Air Chief Marshal Sir Arthur Penrose Martyn Sanders, (17 March 1898 – 8 February 1974), was a pilot in the Royal Flying Corps during the First World War and a senior Royal Air Force commander during the Second World War and the immediate post-war years.

==RAF career==
Born the son of a clergyman Henry Martyn Sanders and his wife Maud Mary (née Dixon), Sanders was educated at Haileybury before undergoing officer training at Sandhurst. Sanders was commissioned into the Northumberland Fusiliers in April 1916 but transferred to the Royal Flying Corps a few weeks later. He served as a pilot in No 5 Squadron RFC and in May 1917, was wounded in a dogfight with German aircraft. As a result, he lost his arm but managed to land his aircraft. Due to his disability, Sanders was assigned to junior staff officer duties for the remainder of the war. On 1 April 1918, Sanders was transferred to the Royal Air Force along with his fellow Flying Corps officers.
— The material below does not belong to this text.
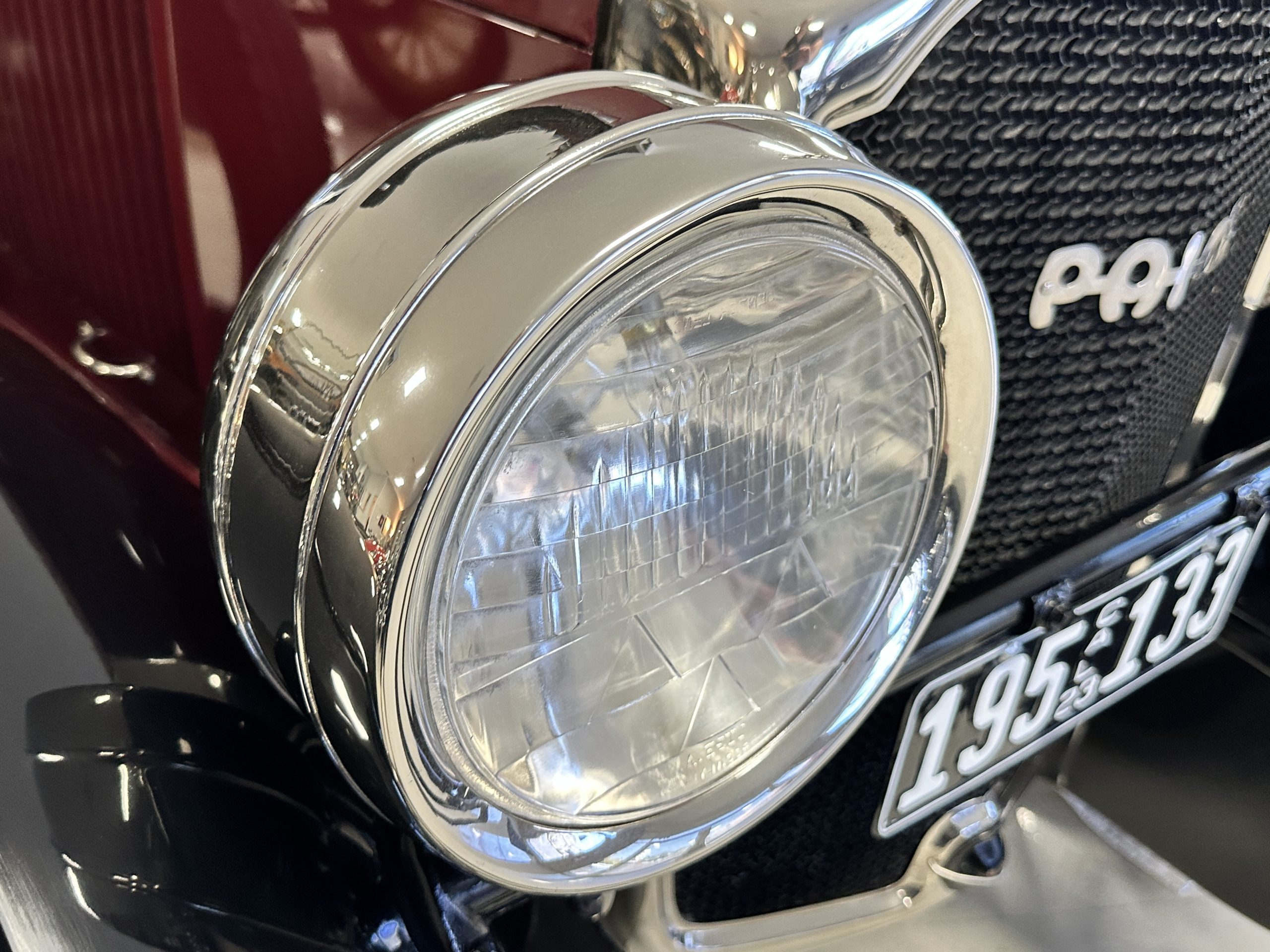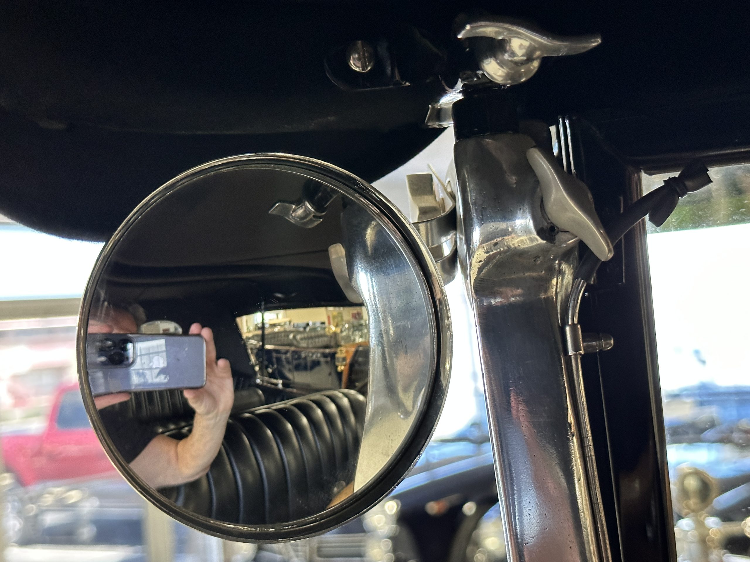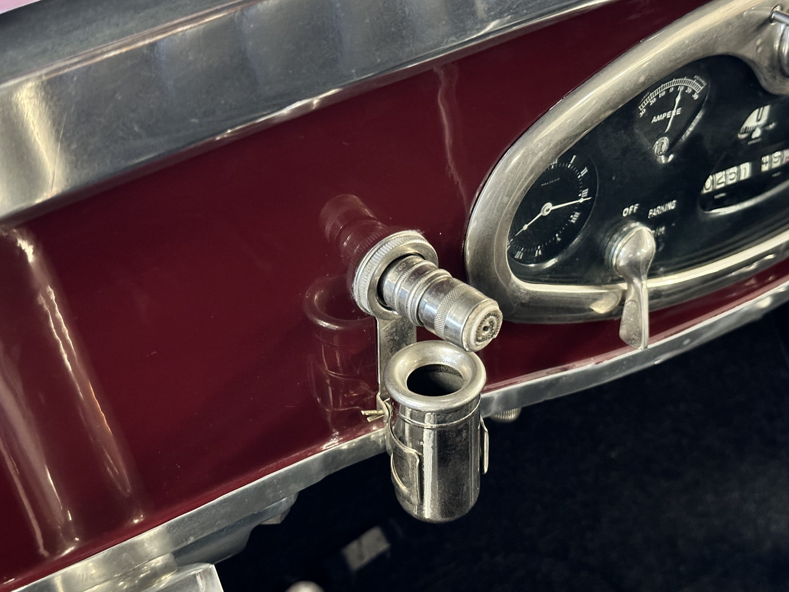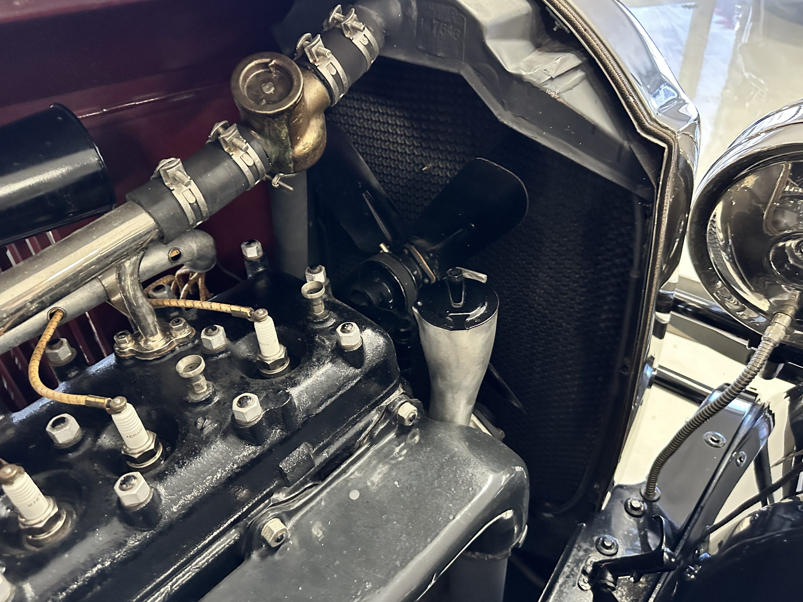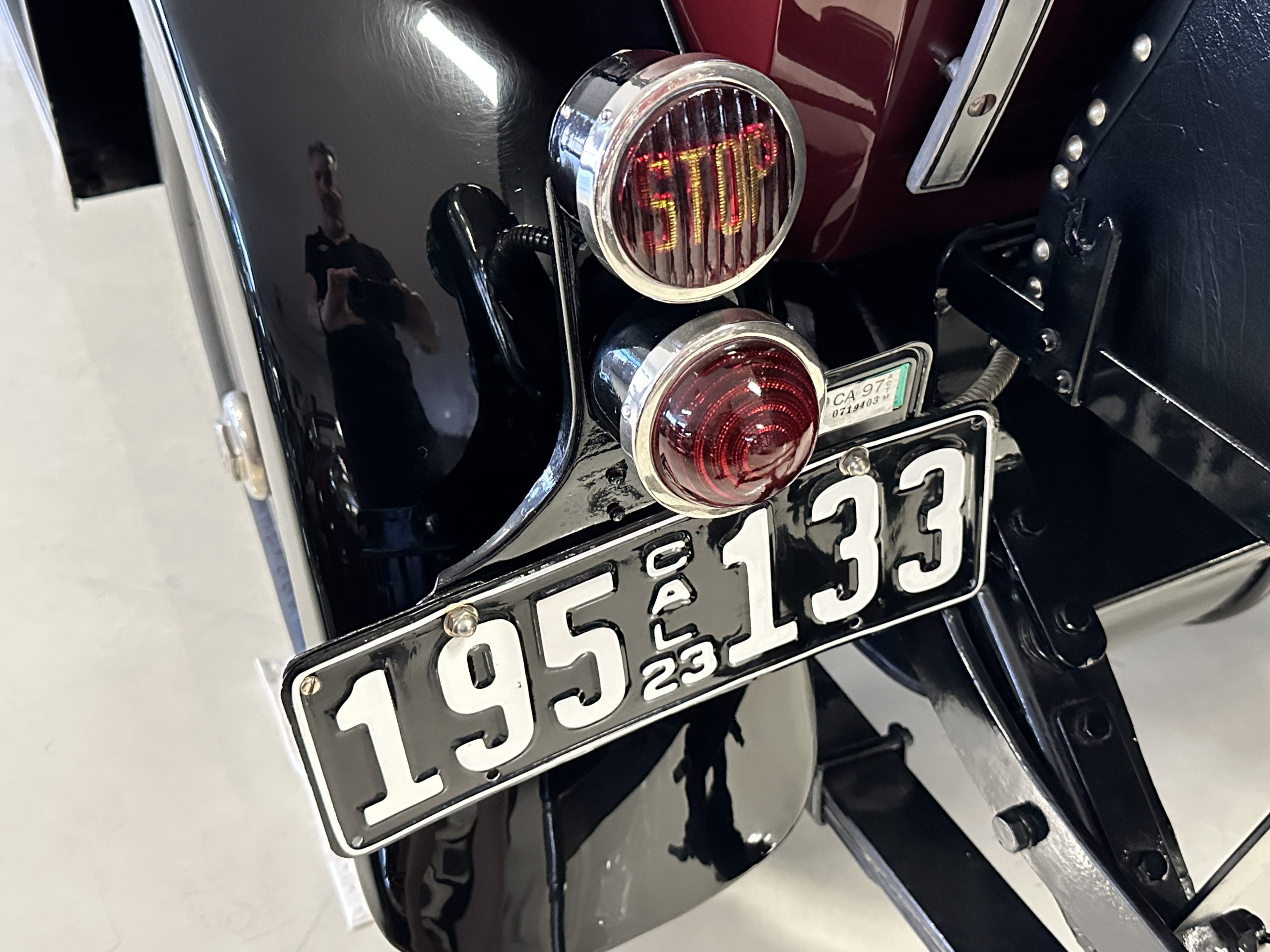 The livery is gorgeous in Burgundy and Black two tone with a black canvas convertible top. The paint is still in very nice show condition consistent with 250 miles added since being restored. The black canvas convertible top is as new and featured a beveled oval rear window. The 24-inch wooden artillery wheels look new. The gorgeous, sculptured chrome grill with its locking Motometer and headlights are in show condition as well. The Paige featured many accessories, such as the double shock absorbing bumpers, cast aluminum windshield frames, dual side mounted spares and a beautifully designed cut curved area for the rear trunk. This Paige has a fully restored trunk that is a showstopper. The tinted external sun visor is a very practical feature that we benefitted from here in the Arizona sun. Overall, this Paige is still quite a show car and is well detailed throughout.

Sanders remained in the RAF after the war and made steady progress through the ranks. He served in a variety of staff and instructional roles, notably on the air staff of Aden Command in 1932 and 1933. He was promoted to group captain just before the outbreak of the Second World War.

During the Second World War, he first served on the staff of the RAF staff College where he was responsible for planning the first wartime course. In 1940, Sanders was appointed the Director of Ground Defence at the Air Ministry and his work was partly responsible for the establishment of the RAF Regiment in 1942. In late 1942 Sanders was appointed Assistant Chief of Staff (Air) at Allied Force Headquarters and in January 1943 he took up the post at Air Officer Administration at Bomber Command.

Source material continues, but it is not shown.